Art plumbs the murky depths

 

Hanneke Brooymans

The Edmonton Journal


Sunday, September 18, 2005

 

CREDIT: Shaughn Butts, the Journal

Artist Eric Fredine

 

EDMONTON -- Most people would find little use for Alberta 's shallow, mucky, algae-infested lakes and sloughs, but Eric Fredine has managed to turn them into art.

He melds together the water and sky of Cooking Lake , Beaverhill Lake and Bittern Lake into breathtaking hybrids of landscape and abstract art.

Some people might be surprised to learn these photographs, each infused with the glow of the rising and setting sun, were taken by a computer engineer.

The 41-year-old still wears his engineer's iron ring with pride. But in the last four years Fredine has managed to nurse both sides of his personality and still make a living.

His passion for art has led him to spend long vigils at the lake in order to catch the fleeting striking light at dawn and dusk. During the summer, he would rise at 3 a.m. or spend the night in his car.

Usually, he had the lakes to himself.

"Sometimes a dog from one of the local farms would join me out on the ice at Cooking Lake in the early winter evenings," Fredine says. "I was always carrying a tripod. When he saw me he probably thought, 'It's the guy with the extra legs.' "

Fredine's photographs look like they were shot from a ladder, perhaps because the clouds seem to be hanging so close to the lake. But the six-foot-two artist says he took almost all of them from eye level.

"There's an absence of scale markers," says Fredine-the-engineer, explaining why the clouds seem to hang so close to the lakes in his photos. He would purposefully avoid including trees, and usually even plants, in order to avoid adding a sense of scale to the photos.


THE PERFECT CANVAS

Prairie lakes were the perfect canvas for his art. "These places are so flat even your perception is changed.

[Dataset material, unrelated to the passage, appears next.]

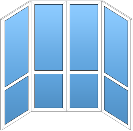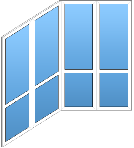 Угловые конфигурации. Самая сложная в монтировании разновидность оконных элементов. Предполагает размещение стекол на стыке двух сторон фасада. Подходит для зданий с высокими потолками. Обычно по ребру угла возводят колону или оставляют часть стены для прочности, разграничения стеклопакетов. Помимо сложности монтажа, угловые композиции дают существенную теплопотерю. Обустраивая такой воздушный интерьер, придется обеспокоиться о дополнительном подогреве.

"It's very Albertan, that big sky."

Fredine spent hours on the lake, sometimes wading out a couple of kilometres through the shallow water, to get a perfect photograph. He would scan the water and sky, looking for patterns.

When he saw something he liked, he used his digital camera to capture the image as quickly as he could, aware that the clouds would change the composition of the picture quickly.

"I don't know if you've ever sat and watched them, but those suckers move pretty fast."

He also learned to operate his camera quickly in - 35 C weather and little rubber "boot chains" helped him walk the ice. The engineer in him noted that major cracks in the ice seemed to form in the same place each year, likely due to the geometry of the lake, he theorized.

His computer engineering degree and his job as vice-president at Saville Systems, a software company, took him away from that kind of interaction with the natural world.

In 2001, there was a sudden and dramatic return shortly after he bought his wife a digital camera.

When his wife delayed her exploration of the gift, the engineer in Fredine became impatient, and he took over.

"I was hooked by the fact that I could control everything," he says.

Fredine's photographs will hang in the Lando Gallery until Oct. 8.

Brent Luebke, the gallery's art dealer, says it is not unusual for them to display work from people who developed their artistic talents later in life.

Everyone thinks artists all developed from a young age and took the art school route, Luebke says, but often people find they have time to explore their talents when they are established in another field.